I love Youtube. I think it’s just amazing how it lets anyone watch different obscure historic gems.  One great example is 1957 CBS television broadcast - a session with some big names in jazz. Musicians in this video are Billie Holiday, Lester Young, Ben Webster, Coleman Hawkins, Gerry Mulligan, Roy Eldrige and some others. For those who don’t know much about jazz history, you were supposed to go “Wow!” after reading this, because these are some of the biggest names in jazz history. So without further ado, this is it. Let yourself be amazed.

It would be fun to watch this video just for the sake of seeing all these musicians play together, but that’s some potent music right there. And if you know anything about the relationship between Billie Holiday and Lester Young, then this is truly priceless. If you don’t know what I mean, let me start at the beginning.

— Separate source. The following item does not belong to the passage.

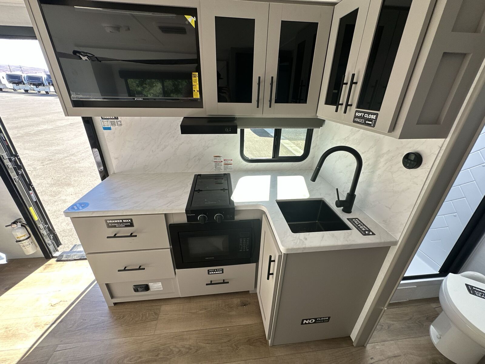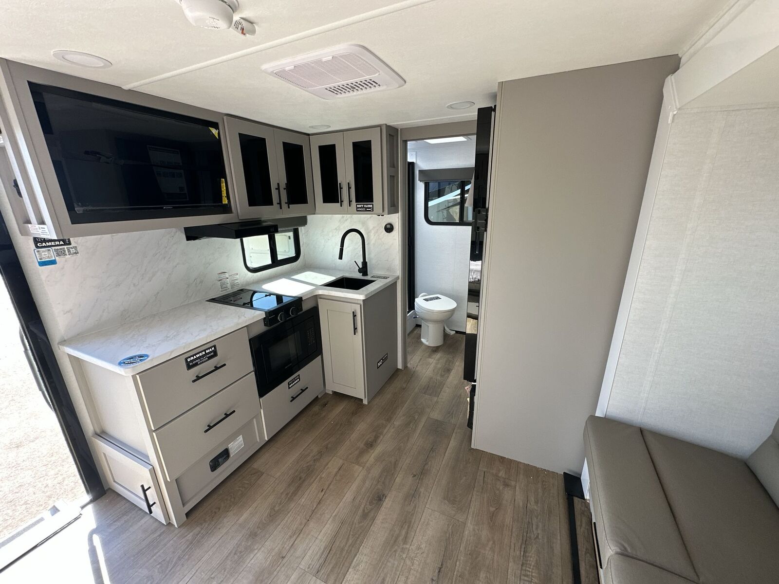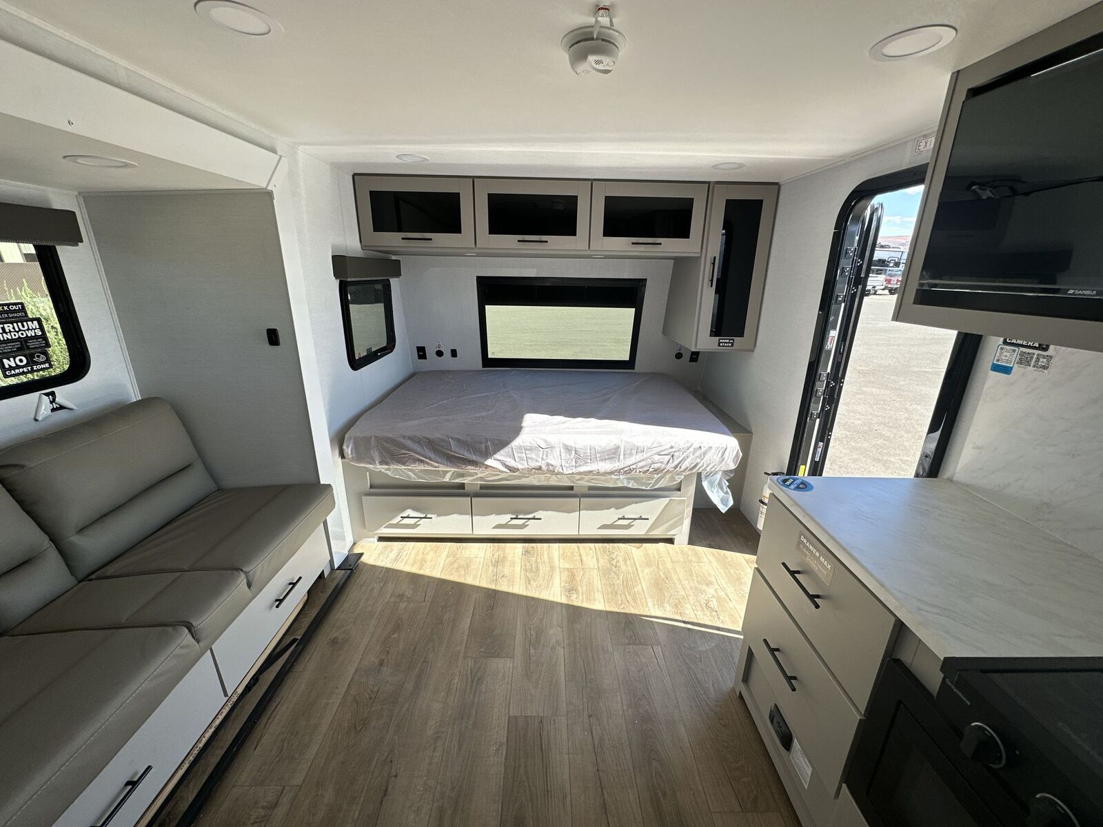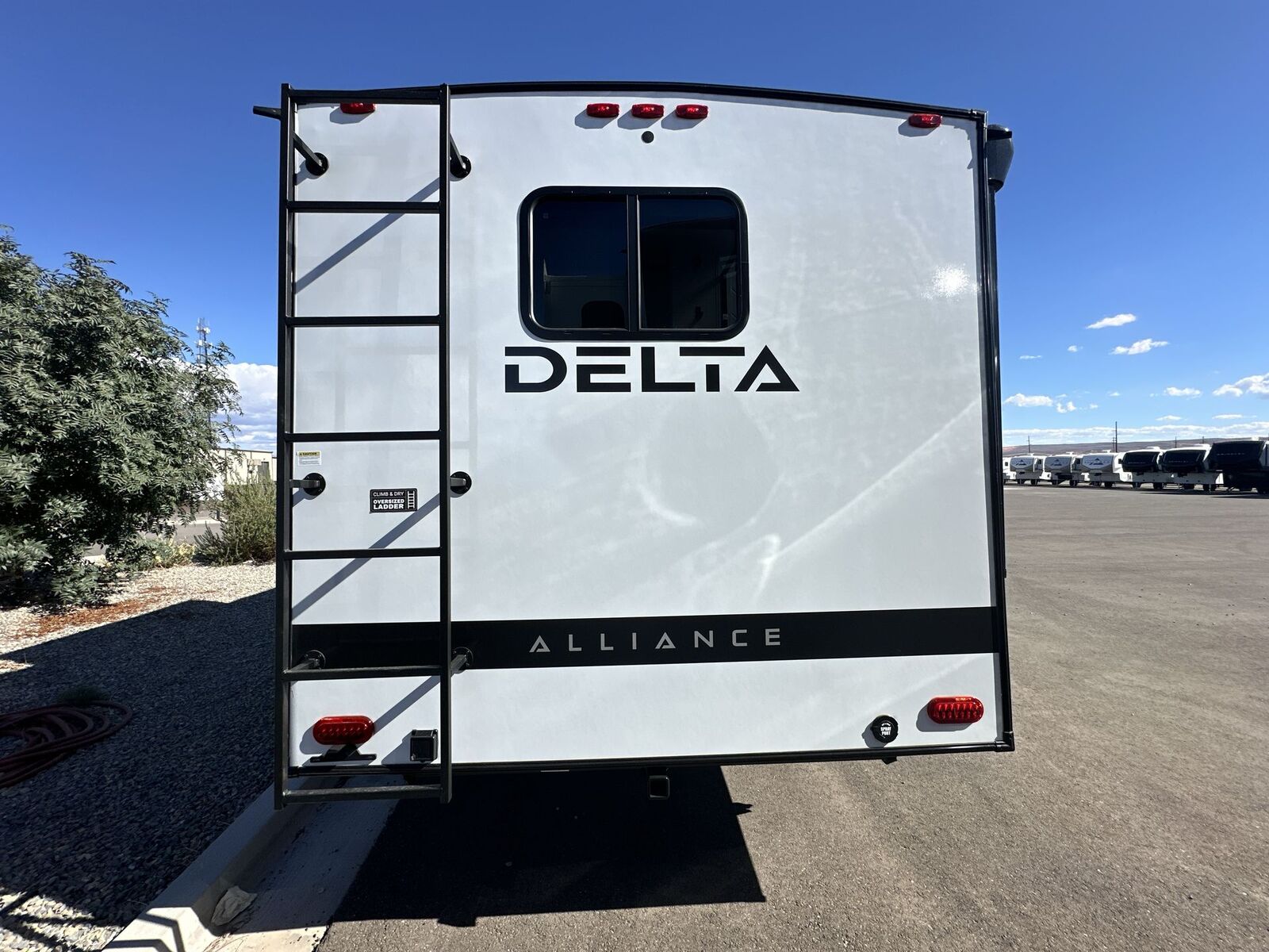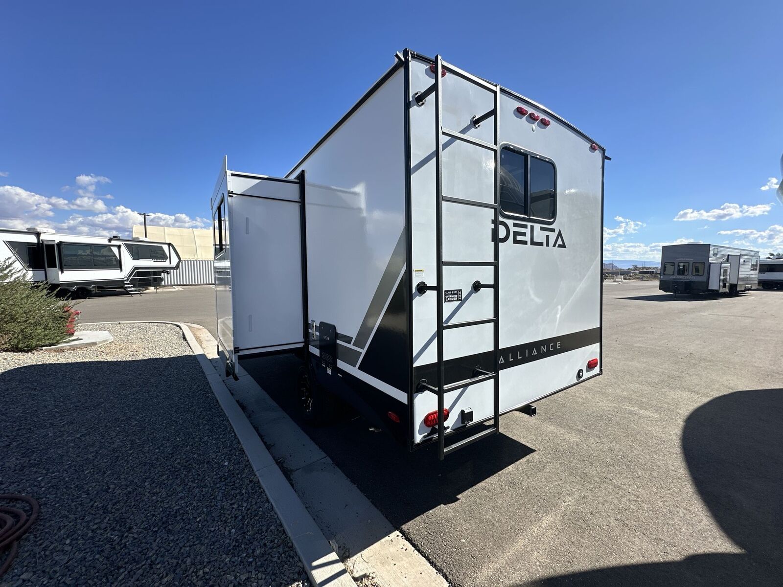 Alliance RV Delta Solo travel trailer ML166 highlights: Overhead Storage 13" Awning Sofa In Slide Out Queen Bed Enter this thoughtfully designed trailer through the 28" entry and step into a space that blends comfort and functionality. At the front, a 60" x 80" queen bed offers restful sleep, complete with a wardrobe at the foot and overhead storage. The center features an L-shaped kitchen equipped with a sink, 2-burner cooktop, overhead cabinets, and a 32-inch TV, while directly across, a 10-cu. ft. refrigerator and a slide out with a 60" jackknife sofa maximize space and convenience. At the rear, enjoy a full bathroom with a 30" x 36" shower, toilet, sink, linen shelves, and additional overhead storage making this compact trailer feel like home wherever you go. Each Delta Solo model is designed to deliver both comfort and convenience in a compact footprint. Inside, you'll find residential-style touches like can-style LED ceiling lights, durable cabinet doors with magnetic catches, and commercial-grade vinyl flooring built to last. On the exterior, practical travel features include easy-access switches for the slide-out and awning, sturdy Step Above fold-out entry steps, and color-coded, numbered wiring for simplified maintenance and troubleshooting.

Billie Holiday is considered to be one of the greatest female jazz singers of all time and if you’re listening to her for the first time, that may be hard to believe. The first time I heard her, I didn’t really like her and I didn’t get it what’s supposed to be so special about her. I mean her voice isn’t clean like Ella Fitzgerald’s for example and her vocal range is only one octave. But after listening to her more closely one or two times I began loving her singing. Today, she’s probably one of my favourite female singers of all time. And if I stay with Ella for a second, I love her too and I think her singing is just beautiful, but Billie Holiday has so much emotion in her singing that it’s just heartbreaking.
Her life was a tragic one and that’s an integral part of her singing and her music. She was born in 1915 to a 13 year old mom. Early in her life she was raped and when she was 14 she was already a prostitute. For her whole life she had drug and alcohol problems and she always ended up being with guys that beat her up and abused her.
Listening to her songs, you can quickly notice that most of the time she not only sang them but unfortunately lived them as well. For example Good Morning Heartache, I’m a Fool To Want You, Solitude, I Must Have That Man and many others.
She wrote and co-wrote only a few songs but every song she sang, she made it her own. A lot of times there is also a part of her life in her songs; She wrote God Bless the Child after she had an argument with her mom, who didn’t want to pay her back any of the money Billie lent her. Whenever she sang Strange Fruit (a poignant song about racism), she thought about her father who died because he was denied treatment due to his race.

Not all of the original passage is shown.